STRATEGIC ASSESSMENT. With the official start of the campaign season less than four months away, presidential hopefuls have begun drawing up plans and holding dialogues with young voters in hopes of making themselves more appealing to the age group, which is widely tipped to be key in winning next year’s election.
According to the General Elections Commission (KPU), 106 million voters, or around 52 percent of the 204 million total eligible voters, are considered young people, or those younger than 40. A closer look at the voter roll shows that a third of all registered voters are millennials, while a further 22 percent belong to Generation Z, or those born in the late 1990s and onward.
Minister of Defense Prabowo Subianto again praised President Joko Widodo’s leadership. He said he was proud to be part of the Jokowi and Ma’ruf Amin governments because a number of successes had been achieved.
“This is due to the leadership of Pak Joko Widodo and his ministers. I am the Indonesian team. The captain of the Indonesian team is Joko Widodo. I am a member of that team. [I can] be proud,” said Prabowo while attending an event in Makassar, South Sulawesi.
“I am proud to be part of the government led by President Joko Widodo even though I fought against him twice,” Prabowo said in front of thousands of village heads in Makassar.
According to Ika Krismantari, chief editor and content director at The Conversation Indonesia and Nurul Fitri Ramadhani is the politics and society editor at the same non-profit organisation which publishes news analysis and academic research, Indonesia, the world’s third-largest democracy, will hold the planet’s biggest one-day election next year. More than 200 million voters in Indonesia and 1.75 million members of the Indonesian diaspora will go to the polls on Feb 14, 2024, to elect the country’s next president and vice president, as well as legislators and councillors at both national and regional levels. The total number of voters expected accounts for 74 per cent of the total population of Southeast Asia’s largest economy.
According to Helen Pausacker, the deputy director of the Centre for Indonesian Law, Islam and Society and an editor of the Australian Journal of Asian Law, in the three elections since Indonesia has been holding direct presidential elections – 2009, 2014 and 2019 – there have been only two candidates for the top job. But when registration opens on 19 October 2023, is it likely we will see three people vying for the top job: Prabowo Subianto, Ganjar Pranowo and Anies Baswedan.
This makes a run-off election between the top two candidates more likely. Recent opinion polls indicate Anies is unlikely to make the second round of presidential candidates. But, regardless, he seems determined to stay in the running, with support from the Coalition of Change for Unity. This is made up of the National Democrat Party (NasDem), the Prosperous Justice Party (PKS), and the Democratic Party (Partai Demokrat).
According to Pizaro Gozali Idrus, journalist at the Anadolu Agency, Indonesia’s relationship with China will be a key issue in the 2024 presidential election, with two of the three candidates appearing to have a pro-Beijing tilt, a new policy brief says. The future leader will have to navigate tricky terrain because China is Indonesia’s top foreign source of investment while also viewed as a threat to the territorial sovereignty of Southeast Asia’s largest country.
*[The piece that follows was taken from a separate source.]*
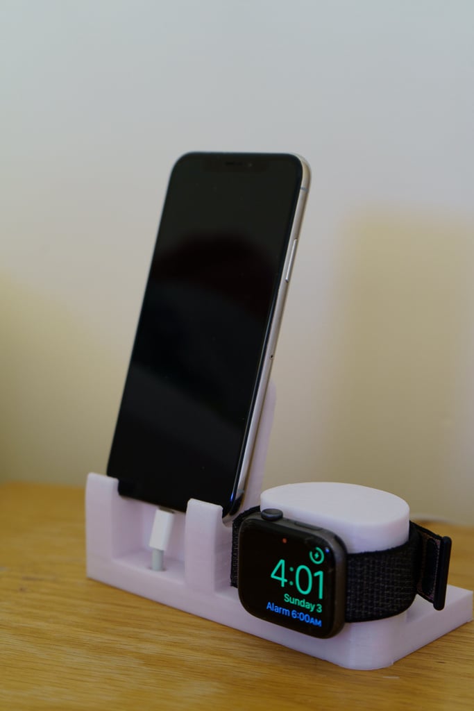 Denne elegante opladningsdock tilbyder en organiseret og praktisk løsning til opladning af både din iPhone og dit Apple Watch. Designet er optimeret med præcist tilpassede huller til både Lightning- og USB-kabler, hvilket sikrer en nem og sikker installation af dine opladningskabler. Med forbedret kabelstyring, der omfatter større kanaler og diskrete holdere på undersiden, undgår du, at kablerne falder ud, og dit opladningsområde forbliver ryddeligt og minimalistisk. Denne Apple Watch charging dock hjælper med at holde dine enheder pænt samlet og klar til brug.

The three Indonesian presidential hopefuls are vying to succeed Joko “Jokowi” Widodo, who has forged a close relationship with Beijing, Jakarta think-tank CELIOS said in its brief released. Among the contenders, former Jakarta Gov. Anies Baswedan seems to be the only one skeptical of China, which is vying with its number one rival, United States, for influence in Southeast Asia.
Candidate Ganjar Pranowo, who is from Jokowi’s party and is governor of Central Java province, is expected to continue his predecessor’s policy, according to CELIOS. And on the face of it, it appears that the third contender, Prabowo Subianto, the defense minister who is a former army general, may also continue Jokowi’s policy, CELIOS said. For instance, Prabowo, as defense chief, sought to boost military cooperation with Beijing.
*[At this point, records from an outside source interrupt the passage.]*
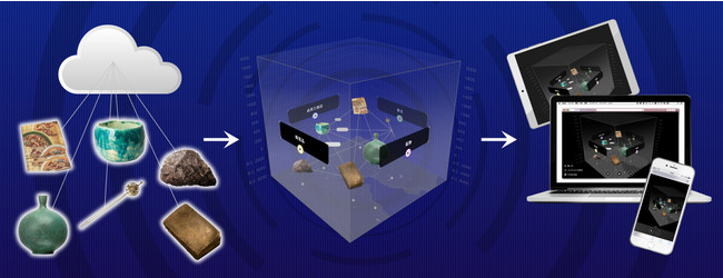 美術館・博物館等が入稿フォーマットに合わせて作成した資料情報の解説とサムネイル画像を準備することで、インターネット上にオリジナルの「みどころキューブ」を公開できます。生活者はPCやタブレット端末、スマートフォン等のさまざまな情報機器で閲覧できます。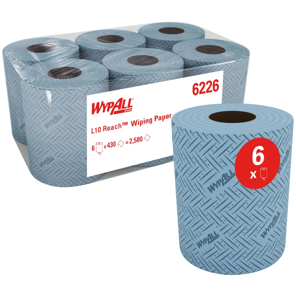 • Each blue roll of WypAll® L10 Reach™ wipers contains 430 brand embossed, 1 ply, disposable, dry cleaning wipes delivered in centrefeed rolls for easy single sheet dispensing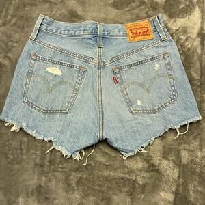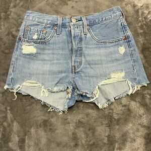 Levi's 501 Jean Shorts Womens Sz.26 Blue Daisy Duke Button Fly Distressed Denim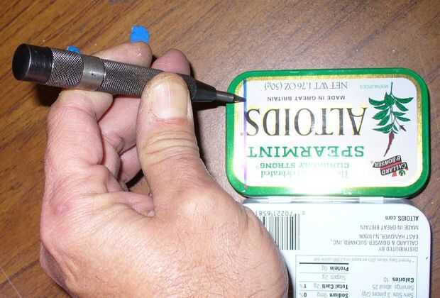 Ahora con la madera de apoyo a la lata, tomar un sacador automático (la herramienta en la mano) y localice la marca y empuje, un resorte en el golpe pone un buen hueco en el lugar a perforar. Sin este paso el taladro puede vagar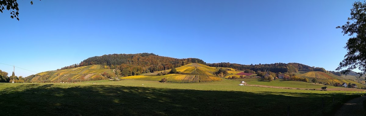 Weg an der Glotter entlang in den Ort, Blick auf die Weinberge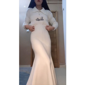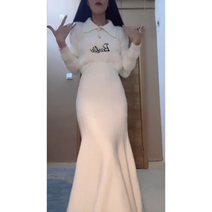 法式白毛衣+白长裙【两件套】

Golkar Party chairman Airlangga Hartarto appeared to have consolidated his position despite a leadership challenge raised by some of his colleagues, ministers serving President Joko “Jokowi” Widodo in his second and final term in office. But the direction of the country’s oldest party in the upcoming presidential race will still likely hinge on the preferences of Jokowi, a member of the ruling Indonesian Democratic Party of struggle (PDI-P) who still has some influence over voters given his high ratings in opinion polls.
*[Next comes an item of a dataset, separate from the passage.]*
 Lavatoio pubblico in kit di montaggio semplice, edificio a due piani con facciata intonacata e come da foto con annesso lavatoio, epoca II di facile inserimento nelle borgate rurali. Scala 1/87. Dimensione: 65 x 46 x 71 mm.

Tension within Golkar has been brewing over the past month as it suffers a dip in popularity and internal bickering on which presidential candidate to nominate for the February election. This prompted Golkar politicians Luhut Pandjaitan and Bahlil Lahadalia, both of whom are members of Jokowi’s cabinet, to express their readiness to take over Airlangga’s post in an extraordinary congress.